### Task brief
In the records below, find the line containing "Beżowe mokasyny lakierowane", then print it and every following line exactly, through the last, without pictures.

### Data shown
__________

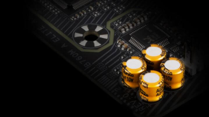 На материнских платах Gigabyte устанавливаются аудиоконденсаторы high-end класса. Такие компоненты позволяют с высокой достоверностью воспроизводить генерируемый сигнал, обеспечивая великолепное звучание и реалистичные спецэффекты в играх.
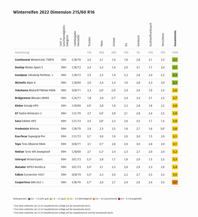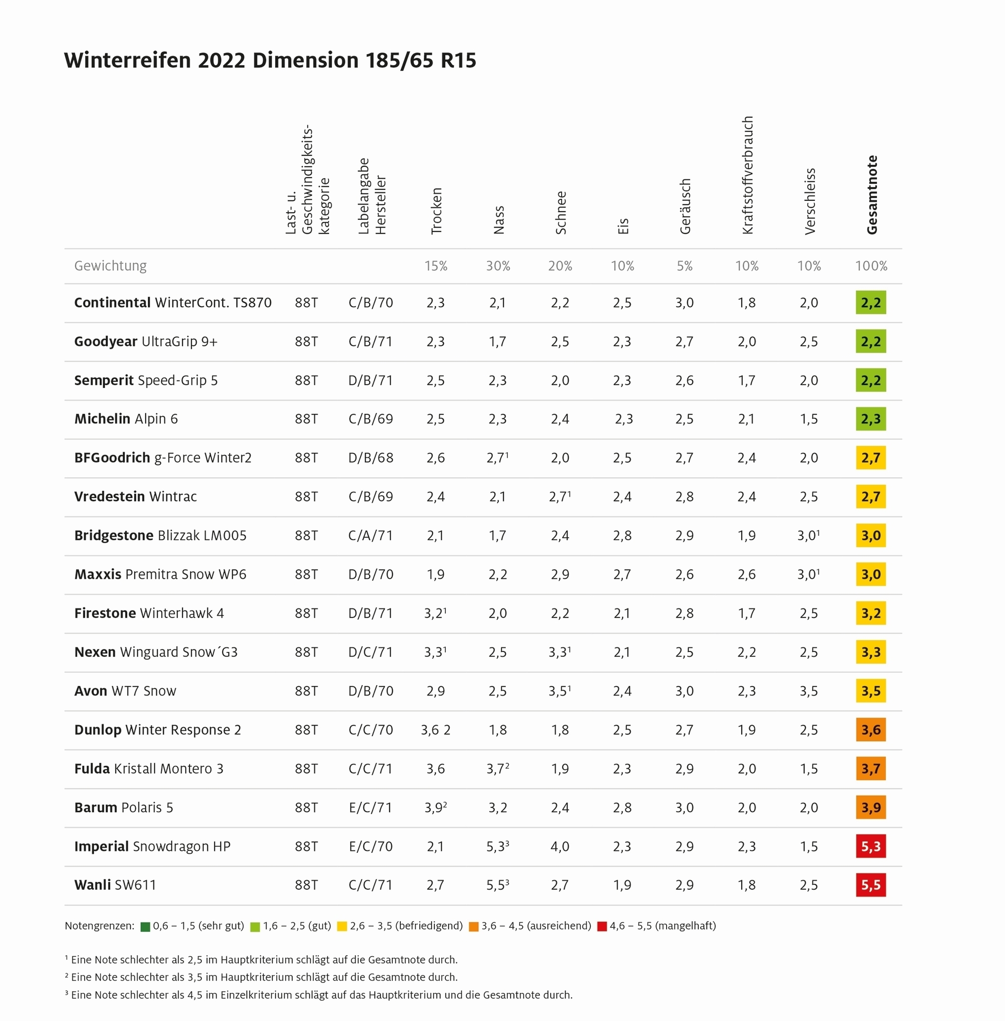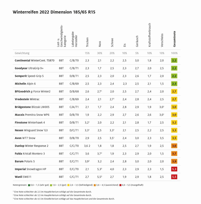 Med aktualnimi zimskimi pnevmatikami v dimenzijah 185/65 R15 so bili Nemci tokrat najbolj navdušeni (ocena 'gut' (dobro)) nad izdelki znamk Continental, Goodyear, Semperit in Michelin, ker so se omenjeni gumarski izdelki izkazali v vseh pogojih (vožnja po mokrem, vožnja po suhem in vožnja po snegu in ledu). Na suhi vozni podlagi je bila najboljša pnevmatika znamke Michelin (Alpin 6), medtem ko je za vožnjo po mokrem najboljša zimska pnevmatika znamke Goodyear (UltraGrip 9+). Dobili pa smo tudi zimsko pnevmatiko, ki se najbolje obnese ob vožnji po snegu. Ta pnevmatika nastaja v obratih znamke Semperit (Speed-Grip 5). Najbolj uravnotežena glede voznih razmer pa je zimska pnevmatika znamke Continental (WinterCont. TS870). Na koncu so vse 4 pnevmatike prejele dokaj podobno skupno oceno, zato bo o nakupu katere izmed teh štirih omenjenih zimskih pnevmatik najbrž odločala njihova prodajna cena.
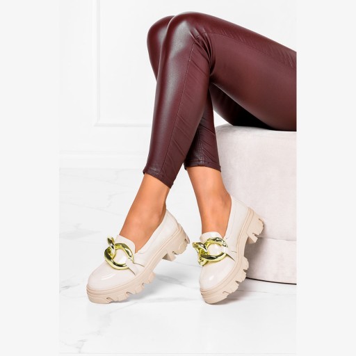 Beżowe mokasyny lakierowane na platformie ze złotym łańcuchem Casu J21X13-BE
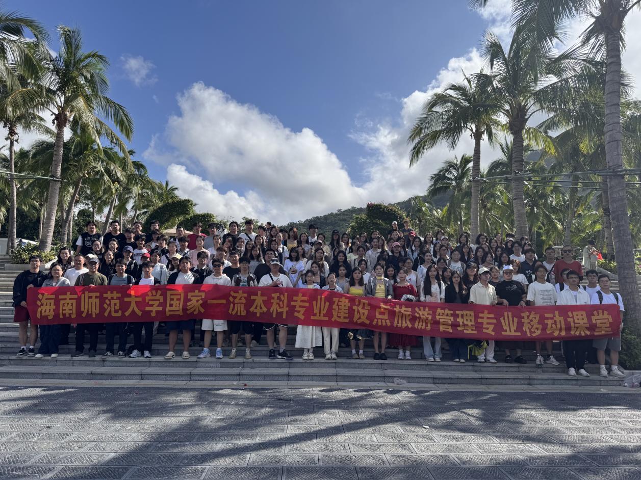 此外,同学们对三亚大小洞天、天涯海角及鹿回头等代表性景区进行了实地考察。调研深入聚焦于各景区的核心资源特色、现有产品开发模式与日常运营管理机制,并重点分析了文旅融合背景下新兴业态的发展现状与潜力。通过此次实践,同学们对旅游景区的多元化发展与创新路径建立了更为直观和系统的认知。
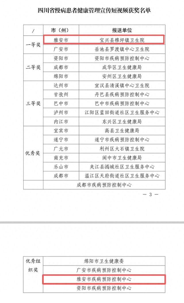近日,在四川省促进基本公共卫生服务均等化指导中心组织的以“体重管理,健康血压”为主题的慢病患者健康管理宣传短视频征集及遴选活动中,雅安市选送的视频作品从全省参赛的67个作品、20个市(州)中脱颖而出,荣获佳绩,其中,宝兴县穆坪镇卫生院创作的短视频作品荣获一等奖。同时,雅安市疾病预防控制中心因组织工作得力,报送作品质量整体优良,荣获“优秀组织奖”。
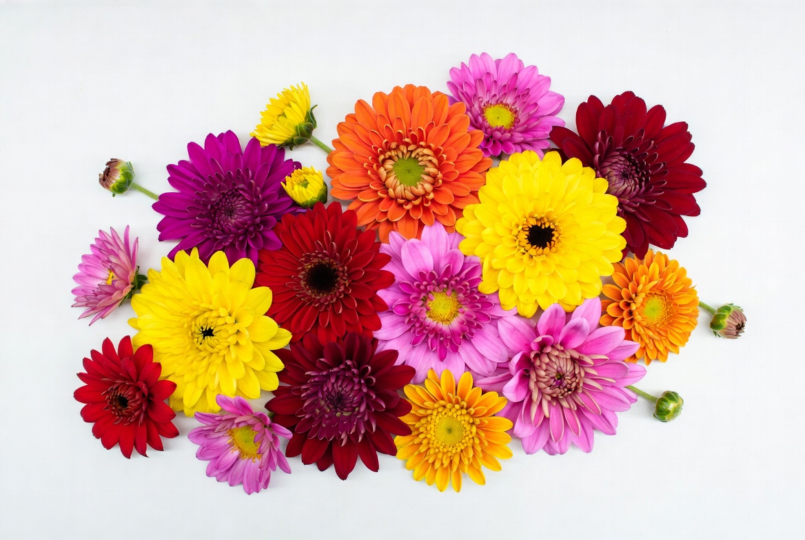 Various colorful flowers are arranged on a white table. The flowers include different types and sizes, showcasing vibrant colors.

__________

### Expected answer
 Beżowe mokasyny lakierowane na platformie ze złotym łańcuchem Casu J21X13-BE
 此外,同学们对三亚大小洞天、天涯海角及鹿回头等代表性景区进行了实地考察。调研深入聚焦于各景区的核心资源特色、现有产品开发模式与日常运营管理机制,并重点分析了文旅融合背景下新兴业态的发展现状与潜力。通过此次实践,同学们对旅游景区的多元化发展与创新路径建立了更为直观和系统的认知。
近日,在四川省促进基本公共卫生服务均等化指导中心组织的以“体重管理,健康血压”为主题的慢病患者健康管理宣传短视频征集及遴选活动中,雅安市选送的视频作品从全省参赛的67个作品、20个市(州)中脱颖而出,荣获佳绩,其中,宝兴县穆坪镇卫生院创作的短视频作品荣获一等奖。同时,雅安市疾病预防控制中心因组织工作得力,报送作品质量整体优良,荣获“优秀组织奖”。
 Various colorful flowers are arranged on a white table. The flowers include different types and sizes, showcasing vibrant colors.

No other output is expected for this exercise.